**Work task:** Search the data for "young" and copy every matching line.

**Data for the task:**
· · · · · · ·

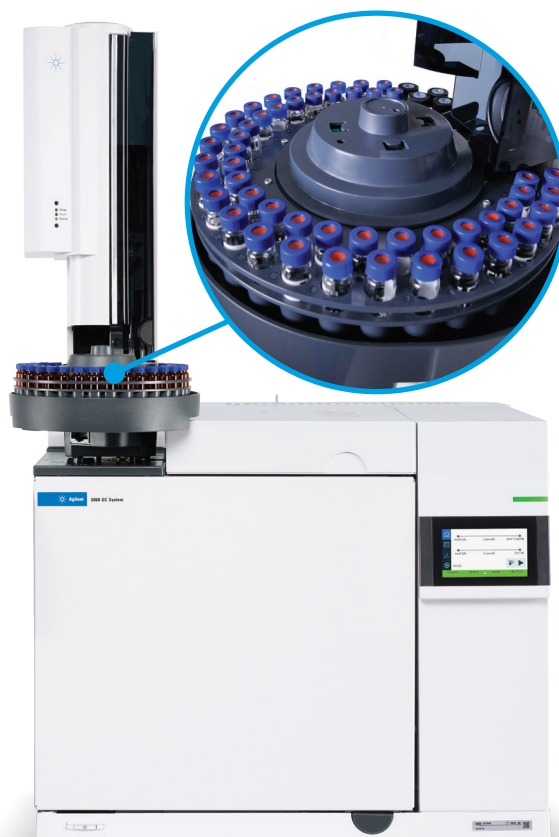
7650A ALS 50-vial capacity
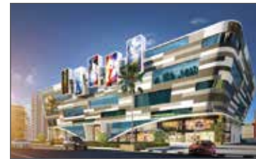
Multiplex @ Manikonda
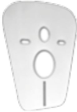
Fig. 2. Noise reduction gasket
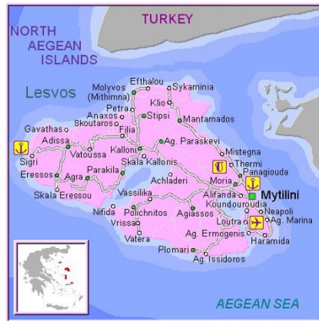
Map of Lesvos

Feel free to get in touch with Didi at 289.228.5293 didi.dances@yahoo.ca
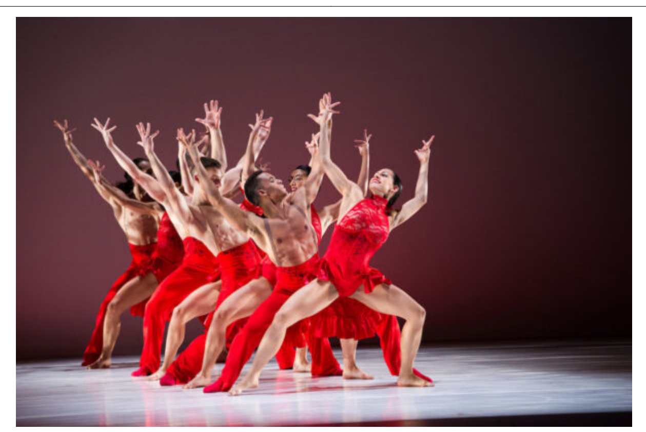
Ballet Hispanico.

Cassils – Human Measure at REDCAT, Disney Hall, 631 W. 2<sup>nd</sup> St., downtown; Thurs.-Sat., Oct. 13-15, 8:30pm, $25. REDCAT.
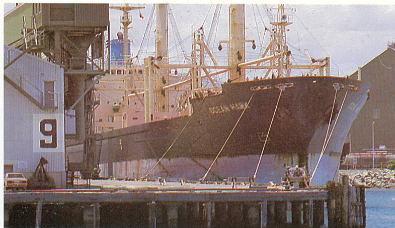
580 445 tonnes of raw sugar were exported in 1985-86. Here the 'Ocean Hawk' begins to load 15 000 tonnes for shipment to Japan.
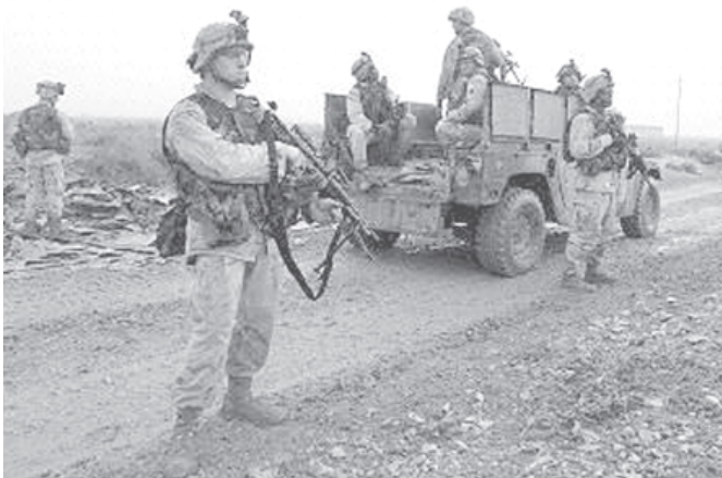
US troops carry out a weapons search. A 400-strong US military team that has been searching for illicit weapons in Iraq has been withdrawn after finding nothing of substance, although a separate group looking for weapons of mass destruction still remains in the country. — INTERNET

Later, a US military cargo plane was forced to return to Baghdad shortly after takeoff after one of its engines was hit by fire. None of the 63 passengers aboard the C-5 aircraft was hurt. — Internet
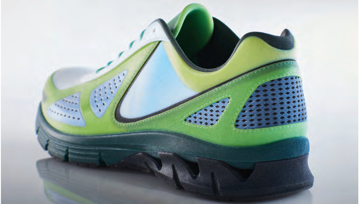
Figure 1. This full-color multi-material athletic shoe was 3D printed in one piece and represents a range of Shore A values.

Material options and proven applications in the PolyJet world have expanded greatly in recent years, so it's reasonable to expect a great deal of experimentation among customers. For optimal success, it is important to understand the mechanics and best practices for PolyJet photopolymers and their corresponding 3D printing platforms.
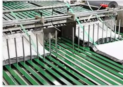
③ Making bags
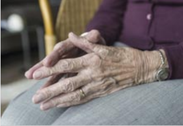
Elderly hand (illustrative)

fied, but also the most promising strategies to prevent getting old and to make humans young again through drugs that remove old cells can be tested on lab animals before being used on patients, they continued.
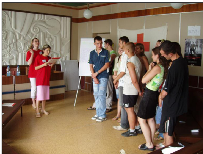
Youth peer educators conduct a session in Poltava, Ukraine

Expected Result 1: Selected regions have a functioning team of young peer education trainers (14 trainers in seven regions).
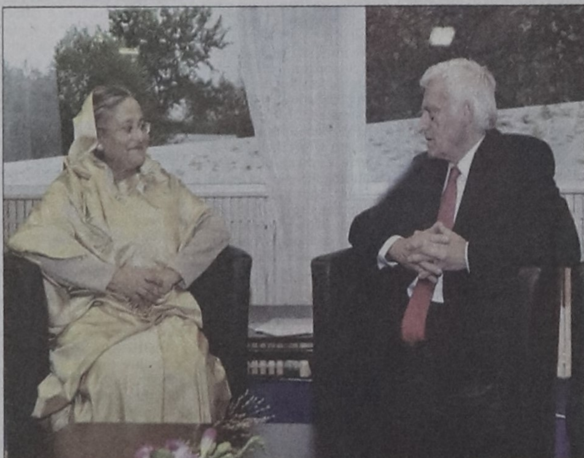
Prime Minister Sheikh Hasina Friday meets European Parliament President Jerzy Buzek during her visit to Stockholm to attend the European Development Days 2009.
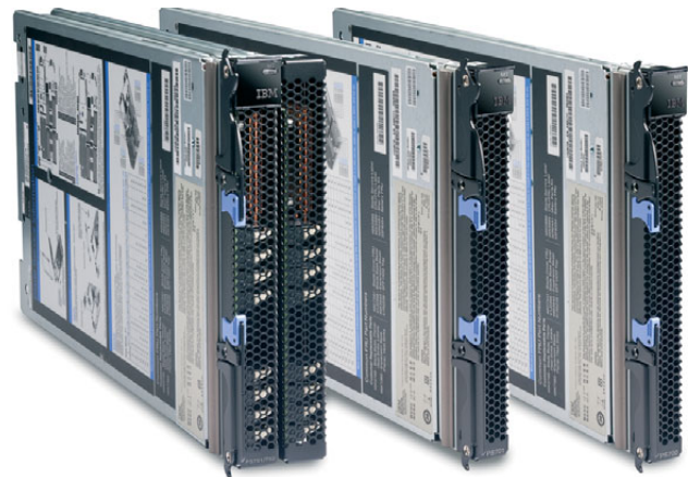
PS Blade Family

If you are looking for the perfect alternative to replacing traditional rack servers, then look no further. With a range of available PS blade choices and BladeCenter chassis supported you have the performance and scalability you need for demanding workloads of any sort. When combined with the BladeCenter S chassis, the PS blades become an ideal solution for deploying blades in an office and distributed enterprise environment. Unlike a stand-alone server that needs multiple power supplies and fans, individual systems management, numerous cables and a lot of space, IBM BladeCenter is compact and easy to use. By integrating servers, storage, networking and management, BladeCenter is helping companies in every industry sweep complexity aside.
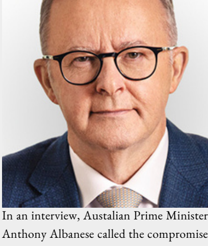
In an interview, Australian Prime Minister Anthony Albanese called the compromise with Turkey an "outstanding result".

The 31st edition of the Conference of the Parties (COP31) climate meeting is now expected to be held in Turkey after Australia dropped its bid to host the event. Neither country had initially been willing to concede, but Australia later agreed to back Ankara's bid in exchange for its minister chairing the talks, following negotiations at COP30 in Brazil.
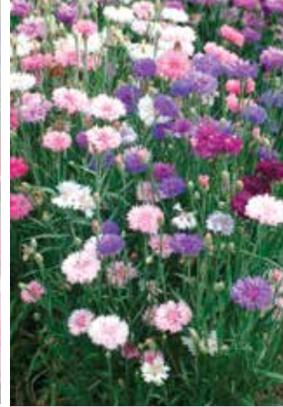
Centaurea Polka Dot Mix
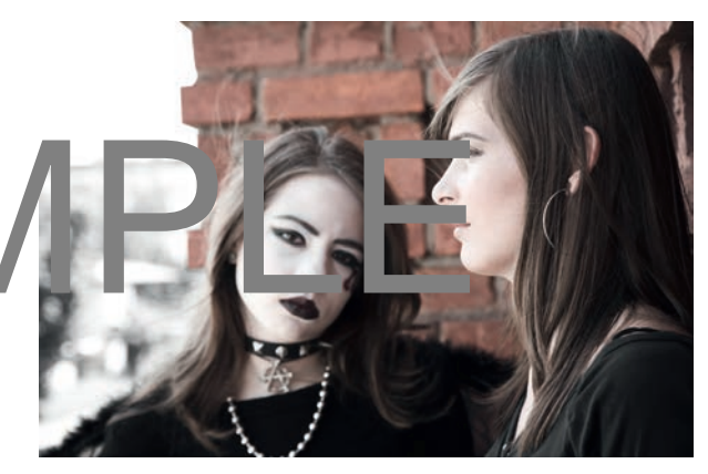
Deviant values are less important to many neo-tribes than individuality.

for the existence of neo-tribes. Maffesoli was unhappy with the idea that subcultures were stable and clearly defined groups whose members all shared very similar values. He suggested that it was much better to think of subcultures in terms of "fluidity, occasional gatherings and dispersal". Neo-tribes then referred more to states of mind and lifestyles that were very flexible, open and changing. Deviant values are less important than a stress on consumption, suitably fashionable behaviour and individual identity that can change rapidly. The shift towards this sort of grouping implies that, rather than subcultures strongly committed to criminal activity, there are only neo-tribes which are more likely to be involved in occasional mildly deviant behaviour.
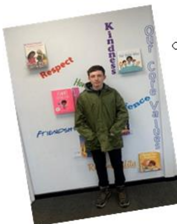
Castleway Primary; Sainsbury's, Heswall
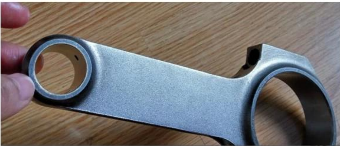
Connecting Rods, 5.400" Length, 3/8" ARP Bolts, H-Beam, VW Journal, Hurricane Speed&Performance race connecting rods, Sold as Set. MOQ: 80PCS for new customers.

· · · · · · ·

**Result of this exercise:**
fied, but also the most promising strategies to prevent getting old and to make humans young again through drugs that remove old cells can be tested on lab animals before being used on patients, they continued.
Expected Result 1: Selected regions have a functioning team of young peer education trainers (14 trainers in seven regions).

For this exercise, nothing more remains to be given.